The Christian faith introduced marriage to its followers much later than most people suspect. The Catholic Church has had seven sacraments, but for the majority of its life it only had five; Baptism, Eucharist, Confirmation, Holy Orders, and Last Rites. Each of these came from a Biblical source, such as the Baptism of Jesus, the Last Supper, and Jesus instructing Peter to build His Church.

Although people often quote Genesis in describing marriage as a sanctified union, it has no precedent in the Bible. Marriage in the Christian world held a purely legal connotation until 1215, and people treated it the same as any other contract. Laws of primogeniture--the rights of the firstborn son--required a strict definition of marriage. The Church forced monks and priests to take vows of celibacy not out of holy purity, but to prevent them from willing Church property to their children as an inheritance. Kings and lesser noblemen manipulated it to form alliances, treaties, and larger territories. These aristocrats viewed their daughters and wives as possessions, which they traded to other aristocrats like money. Remnants of this still exist in modern marriage ceremonies; the father "gives away" the bride, and we expect engagement rings to represent a financial commitment as well as an emotional one. Medieval marriage served the function of a social contract, void of religious significance. As such, historians have found instances of same-sex marriages (though not necessarily gay) in the first 1000 years of Christian Europe.

The Fourth Lateran Council met in 1215, and there the Church decided to add Marriage (as well as Reconciliation) to its list of sacraments. Before that meeting, marriage was not sanctified. For perspective, William of Normandy conquered England, several authors had written their own accounts of the legend of King Arthur, and Halley's Comet had already been identified (though not by Halley).

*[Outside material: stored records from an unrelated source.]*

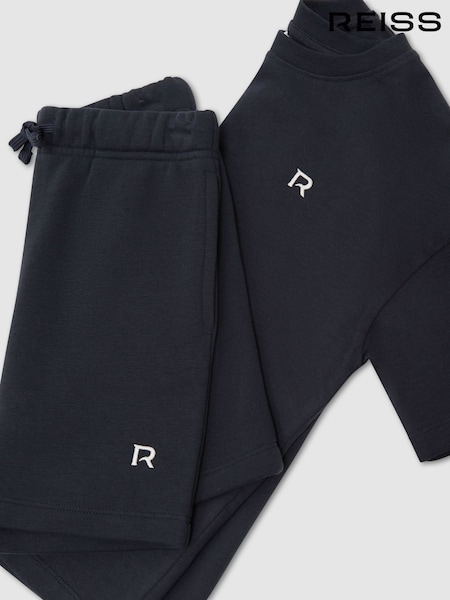 Reiss Navy Avern Set 9-13 yrs Logo T-Shirt and Shorts Set Cotton-Blend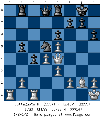 Last move : 1/2-1/2 2025 May 9 9:40:18 [Event "FICGS__CHESS__CLASS_M__000147"] [Site "FICGS"] [Date "2024.11.29"] [Round "1"] [White "Duttagupta,Aniruddha"] [Black "Hybl,Vladislav"] [Result "1/2-1/2"] [WhiteElo "2254"] [BlackElo "2255"] 1.d4 Nf6 2.c4 e6 3.Nf3 d5 4.g3 Be7 5.Bg2 O-O 6.O-O dxc4 7.Qc2 a6 8.Qxc4 b5 9.Qc2 Bb7 10.Bd2 h6 11.Rc1 Bd6 12.a3 Re8 13.Bf4 Nbd7 14.Nbd2 Nd5 15.e3 Nxf4 16.gxf4 c5 17.Ne4 Bxe4 18.Qxe4 c4 19.a4 Rb8 20.Ne5 Bxe5 21.fxe5 Nb6 22.axb5 axb5 23.Kh1 Nd5 1/2-1/2 Follow this game move after move (download)When asked, -How is that you pick better moves than your opponents?, I responded: I'm very glad you asked me that, because, as it happens, there is a very simple answer. I think up my own moves, and I make my opponent think up his. (Alexander Alekhine) Kasparov stellt für gewöhnlich die Regeln auf und bricht sie dann selbst wieder. (Alexej Shirov) Al jugar al Ajedrez entonces, podemos aprender: Primero: Previsión... Segundo: Prudencia... Tercero: Cautela... Y al final, aprendemos del Ajedrez el hábito de no ser desanimados por apariencias malas presentes en el estado de nuestros asuntos, el hábito de la esperanza por una oportunidad favorable y la perseveración de los secretos de los recursos. (Benjamin Franklin) Le joueur d'Echecs qui veut atteindre le top est obligé de développer son propre credo créatif. Alexeï Stepanovicth Souétine. Il est facile d'écrire des livres ! Ce qui est difficile, c'est de jouer ! (Alexeï Stepanovicth Souétine) I live to kill Traxler counterattack. (Ilmars Cirulis)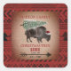 Granja de árboles de Navidad: ilustracion temático de un búfalo con sombrero de santa y árbol de Navidad cubierto de nieve atado a la espalda. Fondo inspirado en la moto de nieve y el material de cartón con diseño de flecha y borde geométrico.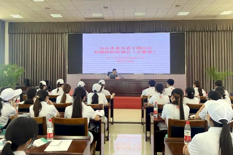 四川省第十四届运动会防疫医疗部雷霄老师进行疫情防控指引及应急培训,提出工作目标是要切实把好关口、以面保点、点面结合,坚持科学防控,精准防控,讲授了中暑应急处置,要求志愿工作人员,要相互协作,共同努力,助力省运。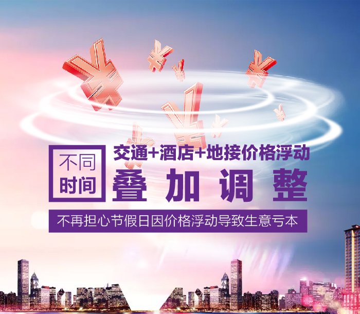 價(jià)格更新軟件再添雙翼,浮動(dòng)價(jià)格多個(gè)時(shí)間段可以疊加調(diào)整,滿(mǎn)足不同時(shí)間段,交通,酒店,地接價(jià)格的不同浮動(dòng)需求,不再擔(dān)心節(jié)假日因價(jià)格浮動(dòng)導(dǎo)致生意虧本了,特別的功能給特別的您!。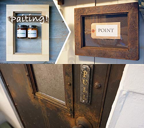 筆は塗料を伸ばすのに使えます。例えば釘が錆びて錆が流れたような感じをペイントしたいときに、筆を使って茶色い塗料をのばしてやるとリアルな加工ができますよ。他に筆での錆塗装のやり方は塗料を乗せるようにポンポンと塗っていくと錆のつぶつぶした感じが出せますね。狭い範囲や細かい部分を塗るのに筆は便利です、あとは塗料を付けていない筆で塗料をぼかしたりして錆びた状態を再現できますね。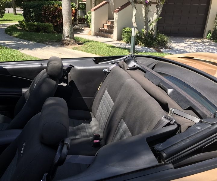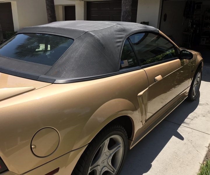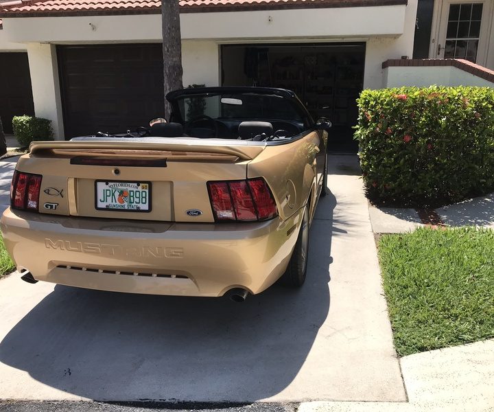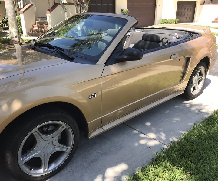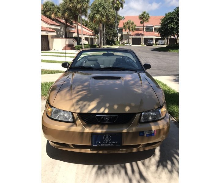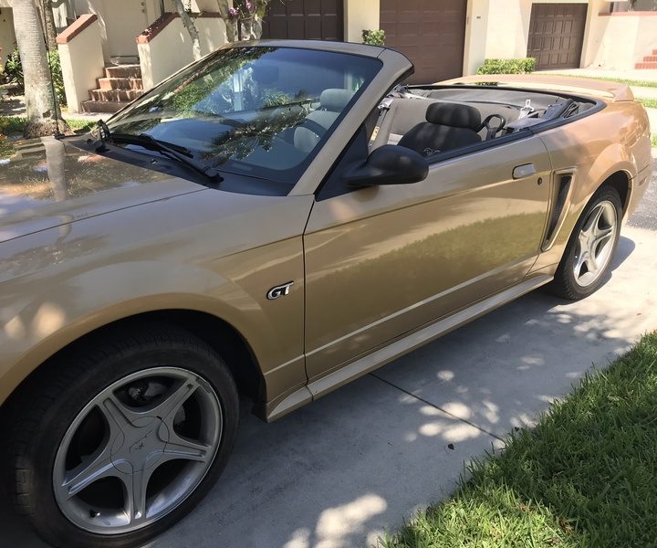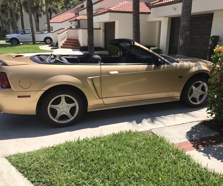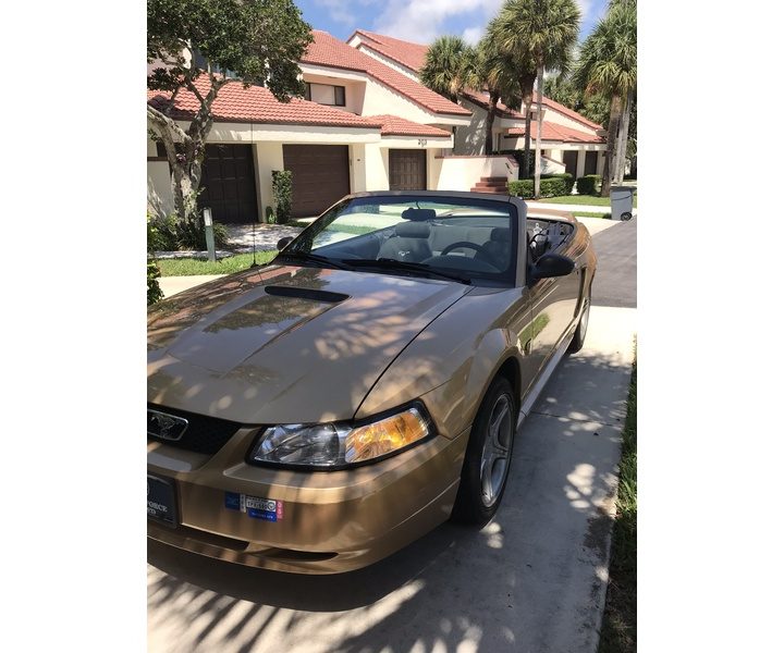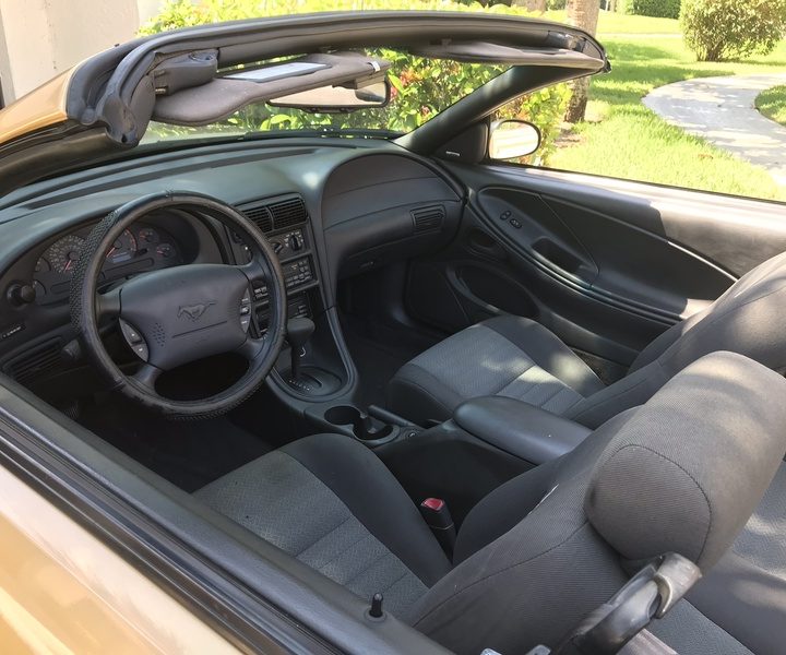 2000 Mustang GT Convertible, 4.6L V8, 97K miles, Sunburst Gold exterior paint, black cloth interior, automatic transmission, power top, power steering, power front disc brakes, power windows, power door locks, AM/FM, console, factory A/C. Located in Florida.

The conservative aristocracy hated the Church's decision. While we may not see any problem with a religious context for marriage, the Fourth Lateran Council granted the Church the power to determine the legality of any marriage. Therefore, if the Pope didn't approve of an alliance, treaty or larger territory that the aristocrats intended to form, he could annul the marriage, which would void the contract.

Things change; nothing in the Universe remains constant except matter and energy. While marriage has only been holy for a relatively short span of history, that does not imply that it can't be held as sacred at all, nor does it imply that it must be held sacred. This is simply a brief history, which will better inform your decision-making.